DOL Revises FFCRA Regulations in Response to Federal Court Decision Invalidating Parts of the FFCRA

On September 11, 2020, the U.S. Department of Labor (“DOL”) issued revised regulations to clarify certain rights and employer responsibilities under the paid sick leave and expanded family and medical leave provisions of the Families First Coronavirus Response Act (“FFCRA”).  The revisions were made in response to a recent decision of the U.S. District Court for the Southern District of New York (“SDNY”), which invalidated certain provisions of the FFCRA regulations.

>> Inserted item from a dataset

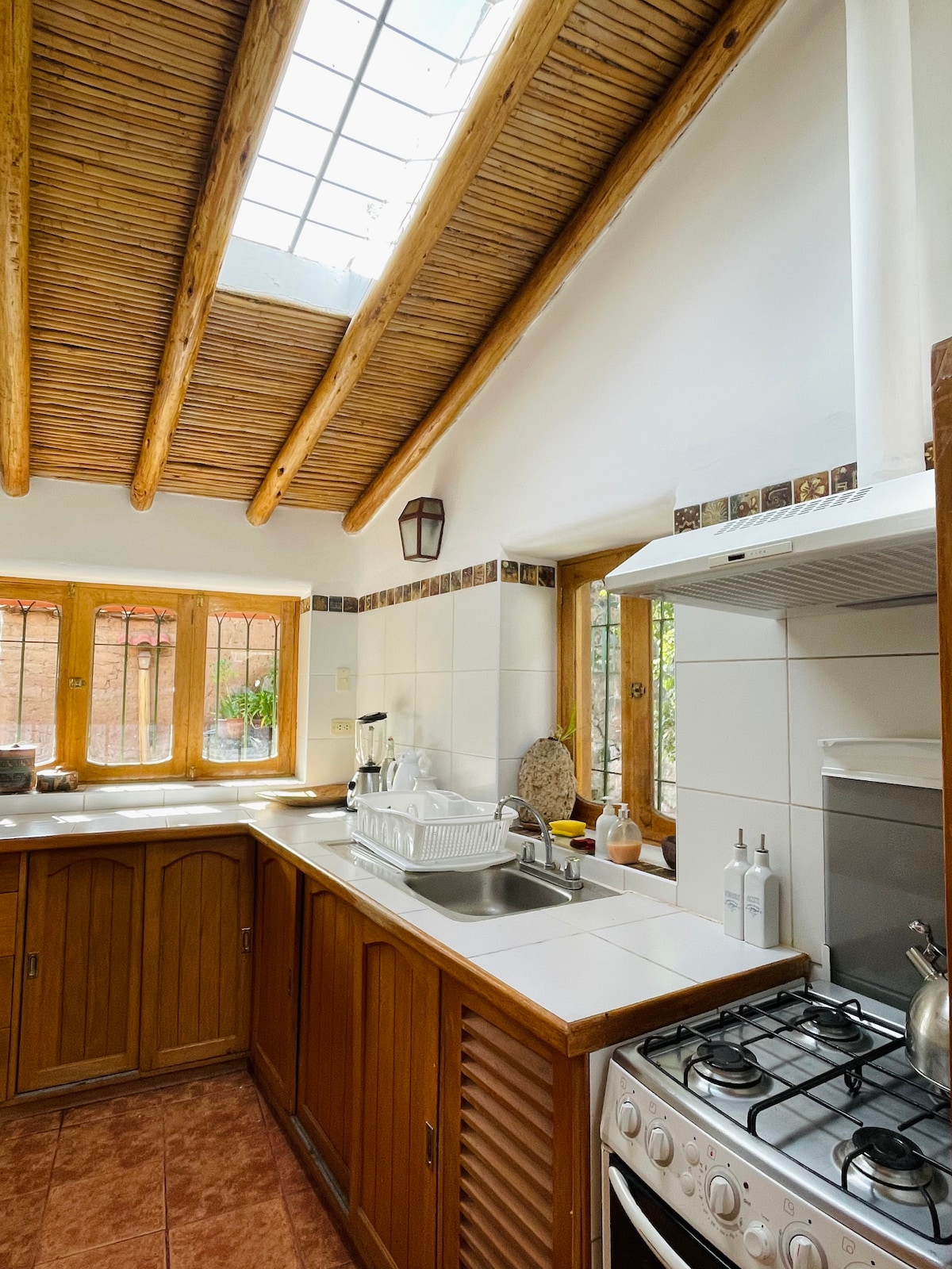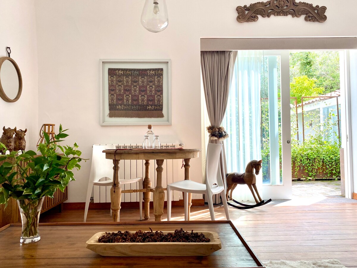 Experience calm and character in our Andean Loft, where light, natural textures and curated details create quiet elegance. Each piece tells a story, from handwoven textiles to vintage finds. Large windows open to a sunny private patio surrounded by greenery. This home rests on sacred Inca land once linked to the lineage of Inca Manco Cápac—just a 10-minute walk from Sacsayhuamán and Plaza de Armas. We recycle and compost, honoring the spirit of this place.

The FFCRA, which we discussed here, requires employers with fewer than 500 employees to provide emergency paid sick leave (“EPSL”) and emergency Family and Medical Leave Act leave (“EFMLA”) to employees who meet certain COVID-19-related conditions.  DOL issued regulations implementing the FFCRA on April 1, 2020.

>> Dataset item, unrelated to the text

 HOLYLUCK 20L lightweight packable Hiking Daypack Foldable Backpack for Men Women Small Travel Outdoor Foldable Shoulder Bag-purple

In response to the SDNY decision, DOL made the following clarifications (#1-2, below) and revisions (#3-5, below) to the FFCRA regulations, effective September 16, 2020:

  1. Employees are eligible for FFCRA leave only if their employer has work available for the employee to perform; in other words, the qualifying reason for the leave must be the “but-for cause of the employee’s inability to work.”
  2. Employees may take FFCRA leave intermittently only with their employer’s consent.
  3. Employees must provide their employers with the required documentation (including information about their qualifying reason for leave and any other supporting documentation such as a quarantine or isolation order) that supports their need for EPSL and/or EFMLA leave “as soon as practicable.”
  4. Employees who need to take leave must provide the required documentation “as soon as practicable” and not necessarily “prior to” taking the leave.
  5. Employees do not need employer approval to take FFCRA leave to care for their children whose schools are operating on an alternate day basis (or other hybrid attendance schedule), because such leave technically is not intermittent leave. The revised rule explains that “intermittent leave is not needed because the school literally closes [. . .] and opens repeatedly,” and “each day of school closure constitutes a separate reason for FFCRA leave that ends when the school opens the next day.”

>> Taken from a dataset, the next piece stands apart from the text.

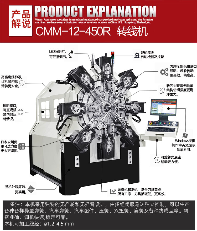 本機(jī)型適用于生產(chǎn)電子、電器、文具、儀器、玩具、發(fā)飾、工藝品、線成型等高難度精密彈簧。

Finally, in response to the SDNY striking down the FFCRA’s definition of “health care provider” as being too expansive, DOL revised the definition to narrow the category of individuals who are considered a “health care provider” and who thus can be excluded by their employer from taking FFCRA leave.  The FFCRA’s revised regulations adopt the more narrow definition of “health care provider” under the Family and Medical Leave Act regulations (29 C.F.R. 825.102) and include those who are employed to provide diagnostic services, preventative services, treatment services, or other services that are integrated with and necessary to the provision of patient care which, if not provided, would adversely impact patient care.  Notably, the revision did not change the definition of “health care provider” for purposes of determining who can advise an employee to quarantine or self-isolate.

The DOL’s FFCRA FAQs page has been updated to reflect the new changes to the regulations.  The regulations remain in effect through the FFCRA’s expiration date of December 31, 2020.